#### TASK TO COMPLETE
Return the listing below exactly. Leave its pictures out.

#### INFORMATION SHOWN
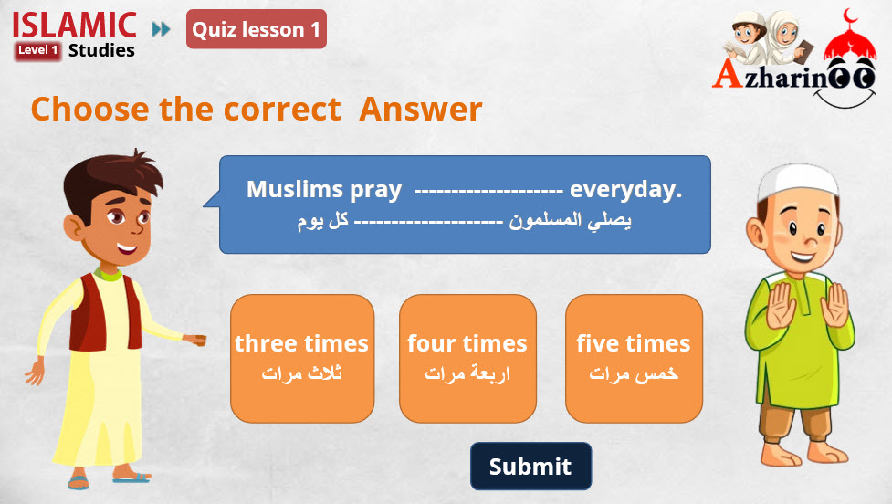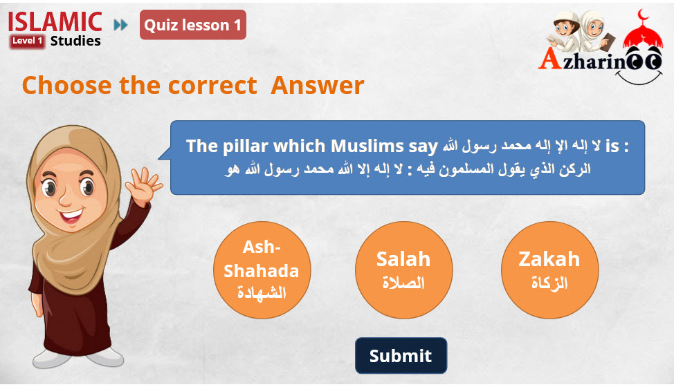 This module was dedicated to teaching young children the principles of Islamic studies from the curriculum of the Kingdom of Saudi Arabia..Quiz has been added to it and it was produced for the benefit of Azharino Academy
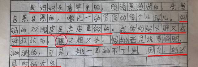 “我的妈妈又胖又高,胖嘟嘟的,腿又粗又长。”
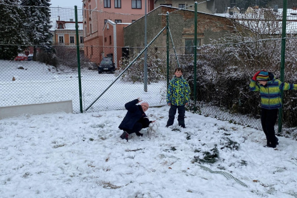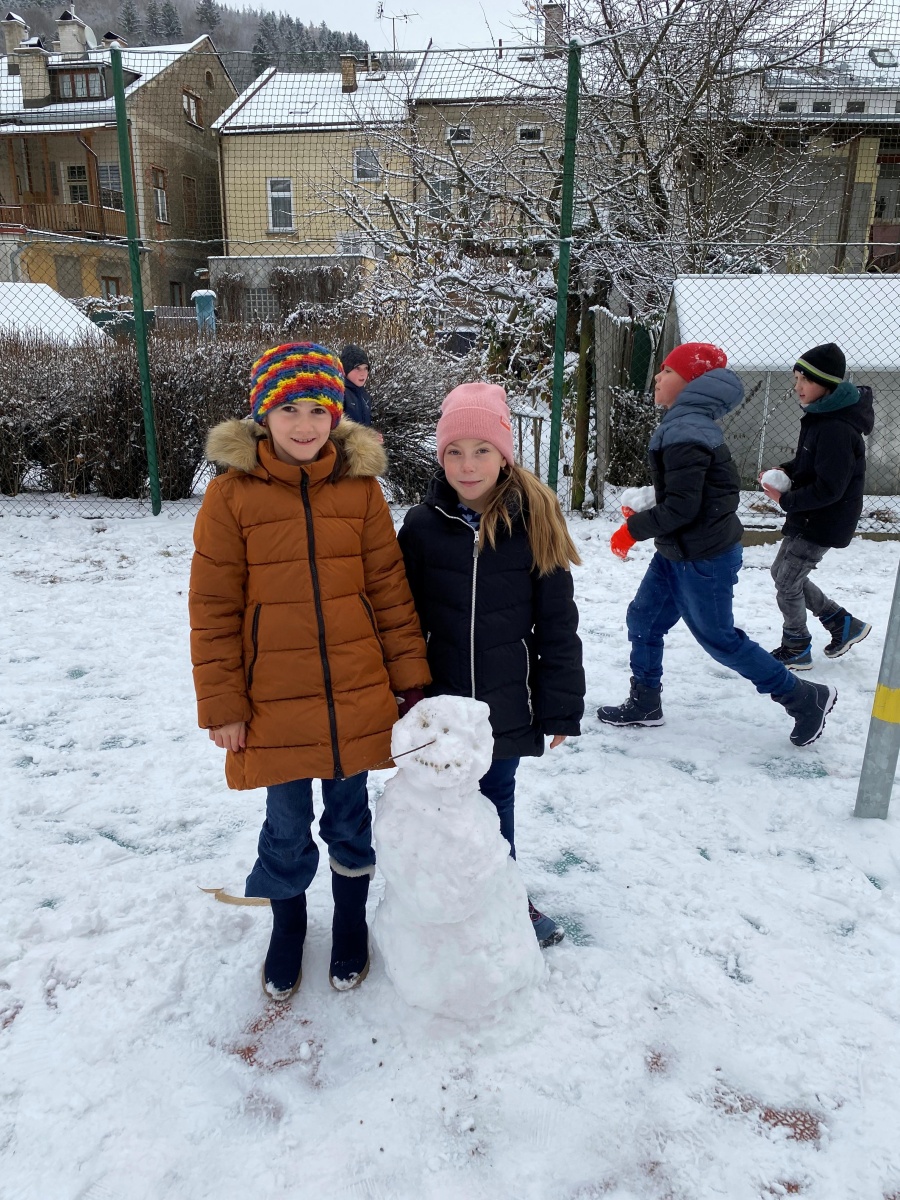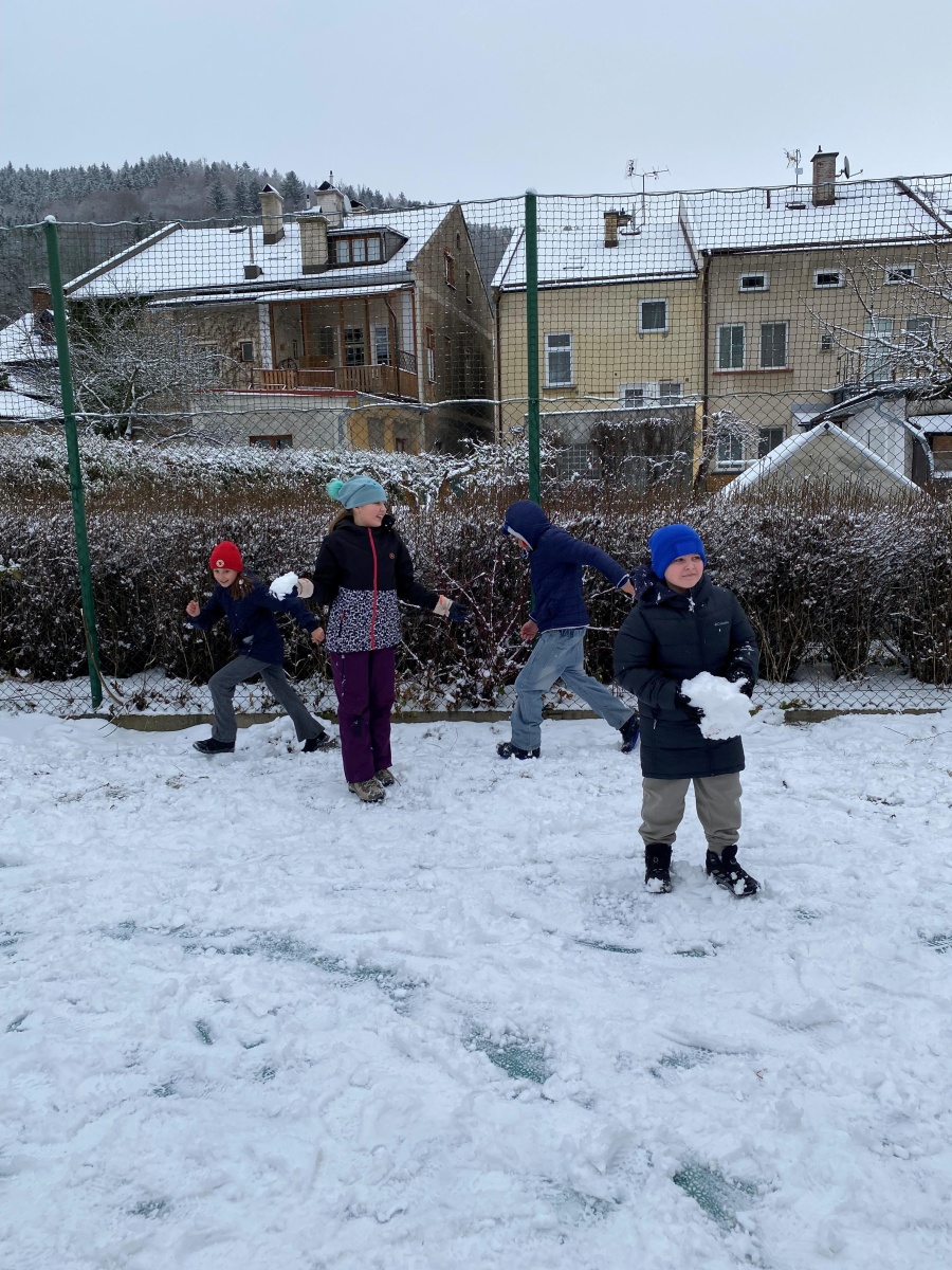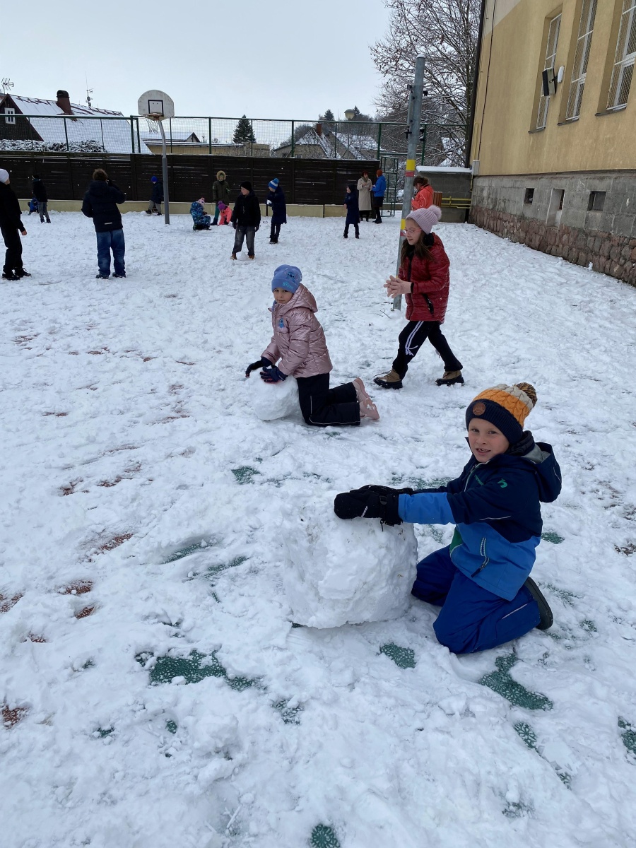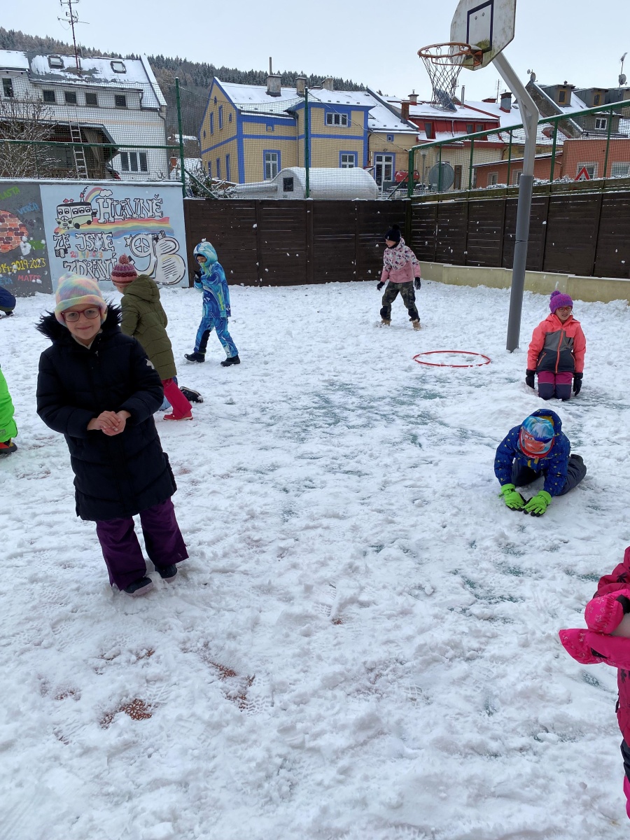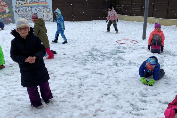 Pokud napadne sníh, tak velká přestávka na školním hřišti je jasnou volbou. Po návratu do třídy jsme sice promrzlí, ale nadmíru spokojení.

#### REPLY
 This module was dedicated to teaching young children the principles of Islamic studies from the curriculum of the Kingdom of Saudi Arabia..Quiz has been added to it and it was produced for the benefit of Azharino Academy
 “我的妈妈又胖又高,胖嘟嘟的,腿又粗又长。”
 Pokud napadne sníh, tak velká přestávka na školním hřišti je jasnou volbou. Po návratu do třídy jsme sice promrzlí, ale nadmíru spokojení.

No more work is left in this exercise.